Personal information
- Full name: Barry W. Grinter
- Date of birth: 1 October 1951 (age 73)
- Original team(s): Ararat (WFL)
- Height: 191 cm (6 ft 3 in)
- Weight: 97 kg (214 lb)
- Position(s): Ruckman / Defender

Playing career^{1}
- Years: Club / Games (Goals)
- 1971–72, 1974–76: Essendon / 78 (7)
- 1978: Richmond / 06 (0)
- Total:  / 84 (7)
- ^{1} Playing statistics correct to the end of 1978.

= Barry Grinter =

Australian rules footballer and coach

Barry W. Grinter (born 1 October 1951) is a former Australian rules footballer who played with Essendon and Richmond in the Victorian Football League (VFL) during the 1970s.

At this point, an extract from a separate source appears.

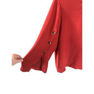 Chicos Womens Size 3 XL 3/4 Sleeve Blouse Rust Shirt Top Button Sleeve Detail Ba

Grinter played most of his football either as a ruckman or defender. A left-footed player, he was recruited to Essendon from Ararat. From 1974 to 1976, Grinter put together 46 consecutive games and was the runner-up in Essendon's 1975 'Best and Fairest' award. The following year he was the club's equal third best performer in the Brownlow Medal count.

After a season as captain-coach of Hobart in 1977, Grinter resumed his VFL career at Richmond but could only manage six appearances. He went on to coach Queensland Australian Football League (QAFL) club Windsor-Zillmere from 1983 to 1984. Also coached Nambour Football club in 1981/82.